**What to do**
The entries that follow include a run beginning at the line with "때문에 이득 매질의 고온발열을" and ending at the line with "Tết Ất Mùi. |"; restate that run word for word and leave the rest out.

**Dataset entries**
________________

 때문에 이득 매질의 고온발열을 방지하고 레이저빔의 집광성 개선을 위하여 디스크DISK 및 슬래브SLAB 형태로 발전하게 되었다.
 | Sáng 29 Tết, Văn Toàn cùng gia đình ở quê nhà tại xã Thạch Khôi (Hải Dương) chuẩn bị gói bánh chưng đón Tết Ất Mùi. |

________________

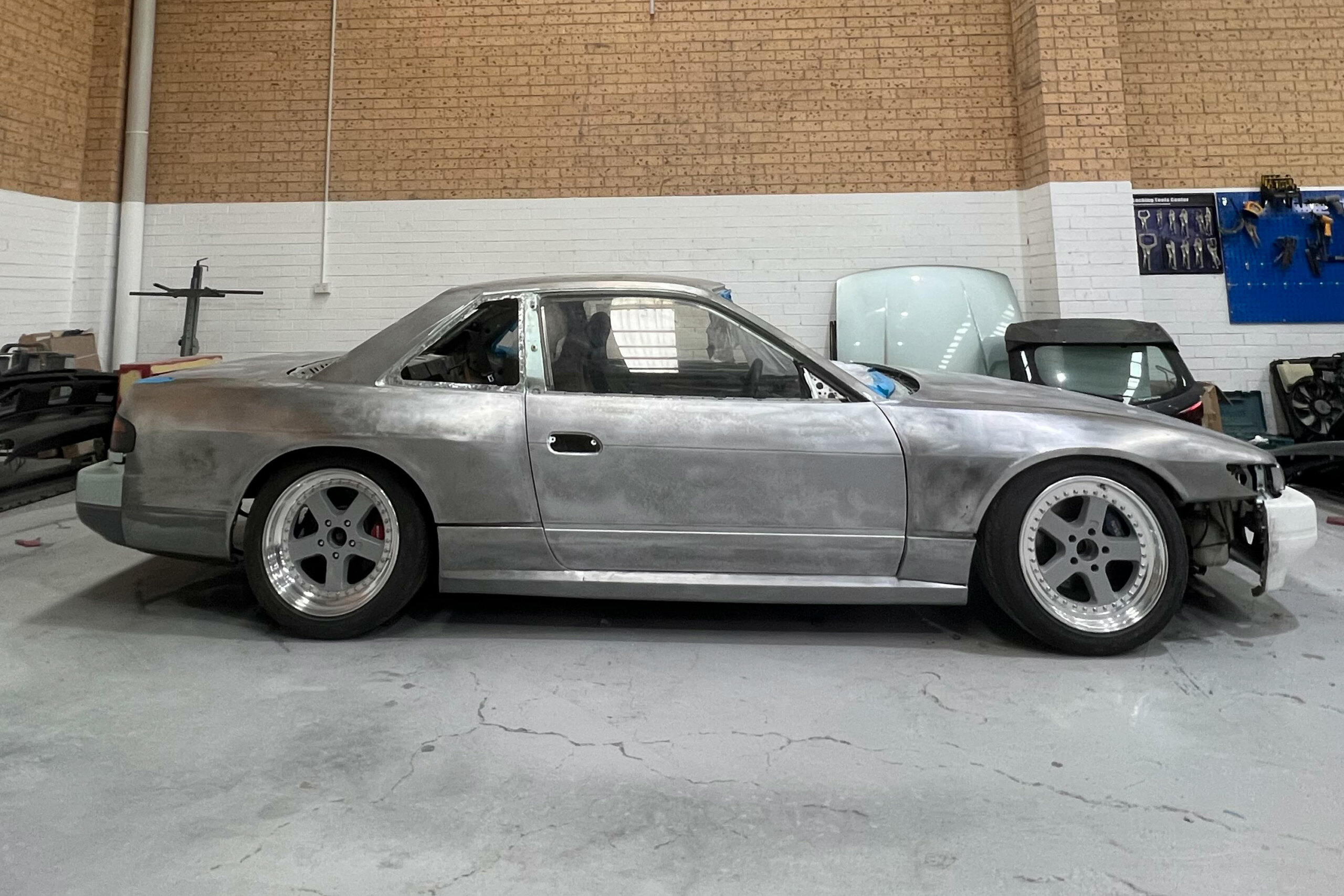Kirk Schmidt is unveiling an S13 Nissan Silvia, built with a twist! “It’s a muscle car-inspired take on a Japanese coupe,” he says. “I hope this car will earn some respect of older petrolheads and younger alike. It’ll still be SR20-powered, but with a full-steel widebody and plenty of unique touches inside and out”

________________

**Exercise response**
 때문에 이득 매질의 고온발열을 방지하고 레이저빔의 집광성 개선을 위하여 디스크DISK 및 슬래브SLAB 형태로 발전하게 되었다.
 | Sáng 29 Tết, Văn Toàn cùng gia đình ở quê nhà tại xã Thạch Khôi (Hải Dương) chuẩn bị gói bánh chưng đón Tết Ất Mùi. |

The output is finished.